I’m writing this code for the problem #18 in Codeabbey. I need to calculate the square root of an array of numbers [150, 0, 5, 1 10, 3] I have to divide this array in three arrays (x,n) [[150, 0], [5, 1], [10 3]] where x: is the number I want to calculate the square root of and n: is the number of times I have to try the formula r = (r + x / r) / 2 to get the result which is r, r is starting with 1. There’s no problem with that, the problem is when I have to append the result because if r is 3.0 I have to append it as an integer: 3 but if r is 3.964 I have to append it as a floating.
def squareRoot():
rawArr = [int(n) for n in input().split()]

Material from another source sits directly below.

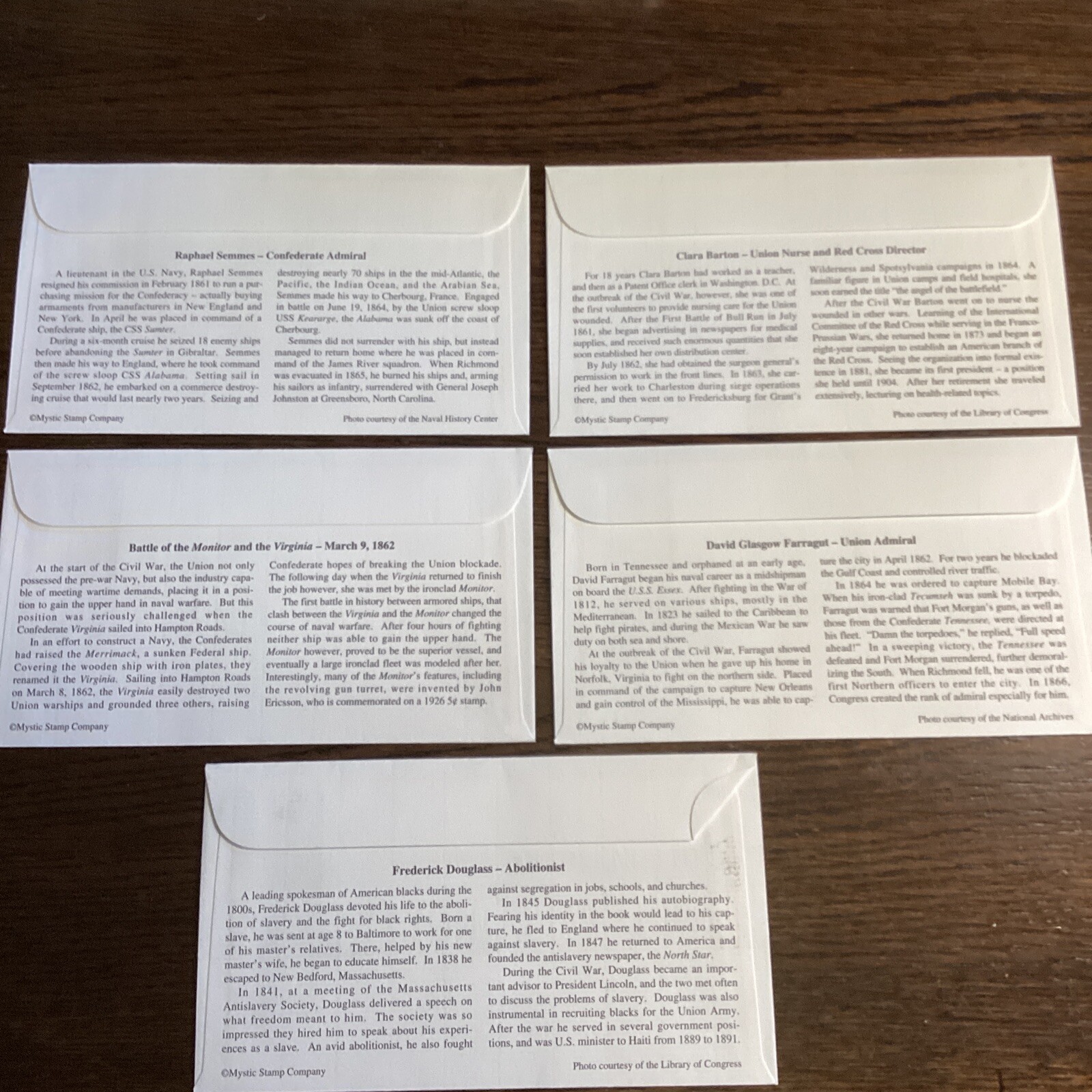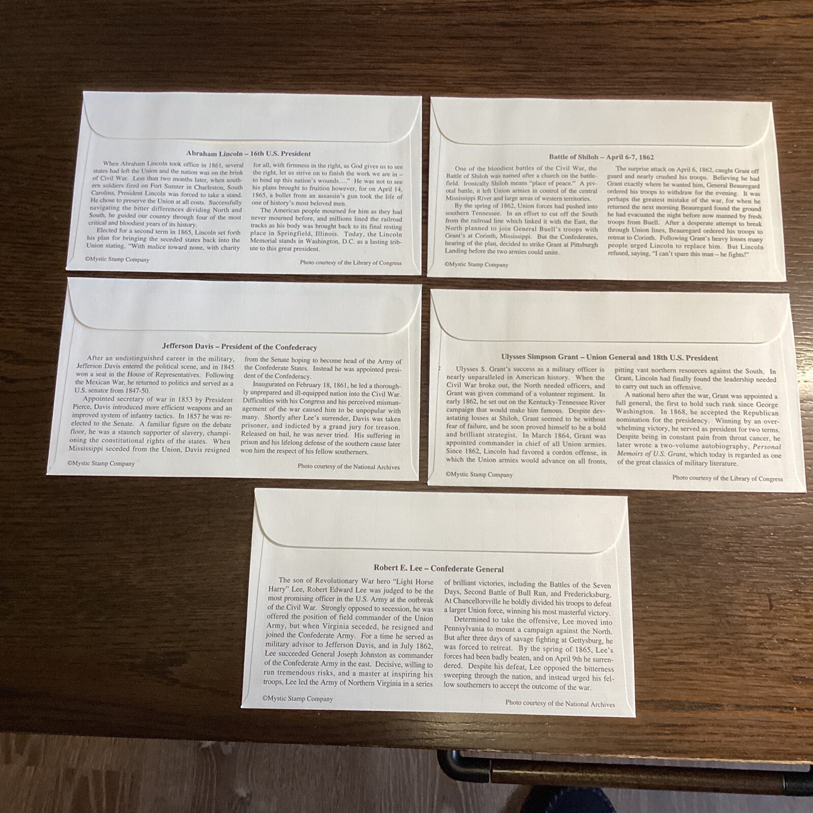 Civil War Classic Collection First Day Cover stamps 1995(Set Of 10).
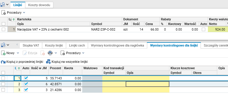 Dotychczas moduł LS pozwalał na wprowadzanie wartości wymiaru kontrolingowego dla linijki dokumentu jedynie w formie kwoty lub udziału procentowego. Przykładowo, użytkownik mógł podać udziały procentowe, na podstawie których automatycznie wyliczane były kwoty. W bieżącej wersji dodano możliwość wprowadzenia wartości wymiaru kontrolingowego w postaci ilości.

arr = [rawArr[i:i+2] for i in range(0,len(rawArr)-1,2)]
results = []
for a in arr:
x,n = a
r = 1.0
for i in range(0,n):
r = (r + x / r) / 2
if r.is_integer:
results.append(str(int(r)))
else:
results.append(str(round(r,3)))
return " ".join(results)
The input is:
150 0 5 1 10 3
and the output is:
'1 3 3'
This is what I get if I don’t use is_integer():
'1 3.0 3.196xxxxx'
What the output should be:
1 3 3.196
I can’t see where the problem is.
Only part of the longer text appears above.